You have heard wrong unless it was specific to the initial act of connecting the two batteries together. You want the voltage within 0.2V to prevent a surge that will potentially activate short circuit protection on one or both BMS. "take out" a BMS would be exceedingly abnormal. Once in parallel PROPERLY (see link #6 in my signature), should be no issues.
Good info Sunshine, thx. I had a BMS on one pack fail after discharging 30amps., guess I need to pay attention to my initial setup. Still kinda new to all the subtleties with proper battery configs.
 
Hello, I heard that having 2 4s packs in parallel, each with a BMS, is not the best configuration. I have read that there can be a feedback or surge situation that can take out one of the BMS's. Anyone have any info on this setup?

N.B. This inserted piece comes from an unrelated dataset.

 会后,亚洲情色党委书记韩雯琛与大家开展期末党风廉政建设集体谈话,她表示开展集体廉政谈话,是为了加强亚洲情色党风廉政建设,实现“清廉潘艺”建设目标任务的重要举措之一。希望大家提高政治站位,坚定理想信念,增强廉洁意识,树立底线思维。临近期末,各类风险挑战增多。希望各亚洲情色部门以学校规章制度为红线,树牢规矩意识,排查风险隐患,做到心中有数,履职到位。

What Eggo said. Having batteries in parallel gives you two advantages. First it spreads the draw across dual BMS and battery sets so each one isn't having to work as hard, and second (as you've seen) if one dies you're not in the dark while you're trying to fix the system.

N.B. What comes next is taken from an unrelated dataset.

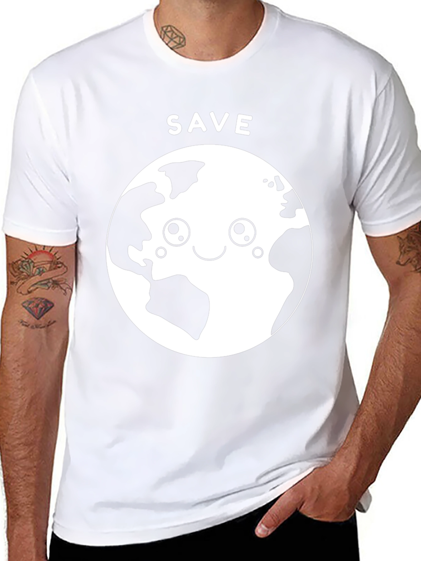 Show your love for our planet with this stylish and comfortable t-shirt. This black t-shirt features a cute, cartoon-style Earth graphic with a friendly face, accompanied by the word "SAVE" printed above. Made from what appears to be soft, breathable fabric, this tee is perfect for everyday wear and making a statement about environmental consciousness. Wear it to school, the park, or your next environmental rally. Be comfortable and eco-aware. The dark color makes it easy to match with your favorite jeans or shorts.

When you say the pack failed after 30a, like it smoked and died or just acted like it was dead? What happens if you try to charge it alone and run a load off it?

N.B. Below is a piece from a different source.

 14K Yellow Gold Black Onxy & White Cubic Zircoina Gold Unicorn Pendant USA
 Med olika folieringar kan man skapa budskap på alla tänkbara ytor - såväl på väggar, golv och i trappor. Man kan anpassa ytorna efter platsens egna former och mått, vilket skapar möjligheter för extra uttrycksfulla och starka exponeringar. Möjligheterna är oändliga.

Always best practice to have both batteries charged to the same voltage before you connect them together or the higher charge battery will try to charge the lower battery all at once and can pop your BMS. Usually you can just throw them on a charger and it'll wake up the tripped battery and balance the batteries as they charge.
 
Thx for the replies, I guess I may have just had a bad BMS. Couldn't get to to wake no matter what I tried.
 
Thx for the replies, I guess I may have just had a bad BMS. Couldn't get to to wake no matter what I tried.
Just out of morbid curiosity, when you unplug the balance lead jack from the BMS, what voltage do you get on the cell pack itself? Plugging the balance leads back in with more than 10v on the pack should reset/reawaken it. If that doesn't happen, hopefully a BMS swap is fairly easy.
 
on the pack I was getting 13.3v, with the balance leads connected I only got 10.9 at P-
 
I currently have 4 x 230Ah batteries in series. I'm planning on another 4 in series connected through a bus bar. Do I need to stick with 230Ah or could I jump up to 280Ah? Does it matter? Second question, where is the best place to connect my chargers? I have a plug in AC charger (that will only be plugged in when needed) and will be adding a charge controller with 1280w of panels to add charging to my bank that is connected to a Growatt 5000 ES. I currently have a 150a breaker on the first bank. Once there are two, I could drop down to 100a on each since the batteries can only handle 200a continuous but drawing from two groups of 4 in series would draw evenly so should be no more than 100a. Then a class T fuse for the total around 175a. For the charger connections location I'm thinking the negative goes between the inverter and the bus bar and same for the positive. Anything I said here sound like a bad idea? PS: I have an active balancer on the first bank and will put one on the second bank as well.
 
You could parallel with 304's if you wanted to, you'll just lose capacity when the 230's run empty. Connect the charger to the bus bars where you connect everything else (batteries, SCC, inverter, etc) and you'll be fine.
 
You could parallel with 304's if you wanted to, you'll just lose capacity when the 230's run empty. Connect the charger to the bus bars where you connect everything else (batteries, SCC, inverter, etc) and you'll be fine.
304's ? Are you saying when the 230's run out, that the 280's, even if they still have capacity left, will not deliver it?
 
No, they will but by the time your 230's are empty, your 280's will only have 50ah of power left and can only output the amps for that BMS.

Think of it like this, you have a 230 pack and a 280 pack. When you've drained 460a of power it's like unplugging all your batteries and installing a 50ah single battery.
 
No, they will but by the time your 230's are empty, your 280's will only have 50ah of power left and can only output the amps for that BMS.

Think of it like this, you have a 230 pack and a 280 pack. When you've drained 460a of power it's like unplugging all your batteries and installing a 50ah single battery.